I think at some point, I shifted away from this as my homework strategy.  I did the reading first, and then I did the writing.  I never did both at the same time. Reading was one activity, and writing another.  I don’t recall — admittedly now 28 or 29 years later —  how I learned to separate the two activities for maximum effectiveness.

I declare myself absolutely gobsmacked.  Why hadn’t I ever noticed this before?  And what effect does it have on learning? How does one separate the tasks of reading and writing, and is it beneficial to do so?  Is it beneficial for the development of their minds to do this?  Or is it an obstacle to be overcome?

I confess I don’t know the answer.  At all.

12 comments

  1. I’ve been thinking about this over the last couple of days.I am tempted to come down strongly on the side that this is “normal,” but I don’t have real grounds for that. I know that I take notes while reading stuff I want to retain, but I would classify that as annotating, not drafting/ writing. That said, if the task is to write three paragraphs in half an hour on cold readings…I don’t see how I could do that without picking up my pen as soon as I start reading. But then: were they taking initial notes, and then turning that into the paragraphs later? Or were they writing writing?

    • Dear Lyra,

      I’m pretty much in agreement with you that it’s normal, but a) I don’t have evidence for it being normal, as you also lack, and b) lots of others say that they do it, and it’s normal for a fast-track assignment like this.

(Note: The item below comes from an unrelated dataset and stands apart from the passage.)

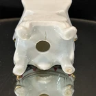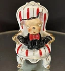 Ceramic Puppy Dog in Striped Chair Rhinestone Eyes Figurine Made In Japan MCM

      It does make me wonder if I should assign different kinds of assignments where students have to read the materials, then formulate their plan for the writing assignment, then do the writing. Is there value in separating out the work? Maybe. Maybe not. I’ll have to try it and see.

      • Or.. what if you had them write an essay on the topic first, from their heads. Then collect the writings. Then have them read the doc/take notes. Then collect the doc. Then have them write the essay again.

        Don’t give away the plan before you begin. A progressive approach.

        • I like this idea. I may have to experiment with it.

          Actually, what I ought to require is for them to make a drawing or doodle explaining a set of notes, on one day. Then hand that doodle back on another day, and ask them to create a functional essay from the doodle.

  2. I do this when I’m working on a book, as I am now. I split my screen and have my research doc, or my notes, on one side and the thing I am writing ont eh other side.

    • RJ, welcome!

      I’m sure you did. I’m sure that there were times when you were assigned in-class activities when I might have noticed you doing this, too, or even when a whole class did it and I didn’t notice. It was just the first time that I’d ever noticed a whole classroom doing it, all at the same time: book open in one place, notebook in another, eyes scanning one page, then eyes confirming what the hand wrote on another… It was a little mind blowing and I wondered why I’d never noted it before.

      In other news, are you planning on taking advantage of Apple’s new software for doing ePub publishing to iBookstore, directly?

  3. I need a little more context. What was the reading? Had they (supposedly) read it before, or were they reading it cold? And what was the specific writing task?

    • Dear Lyra,

      Welcome the the commenters! Nice to see you here.

      They were doing a cold reading and writing three paragraphs in a half-hour. I agree with their strategy, actually, in context. It had just never occurred to me before that it might be an undesirable strategy for them to adopt… I’d also never seen an entire class do it, all at the same time, so it was particularly startling.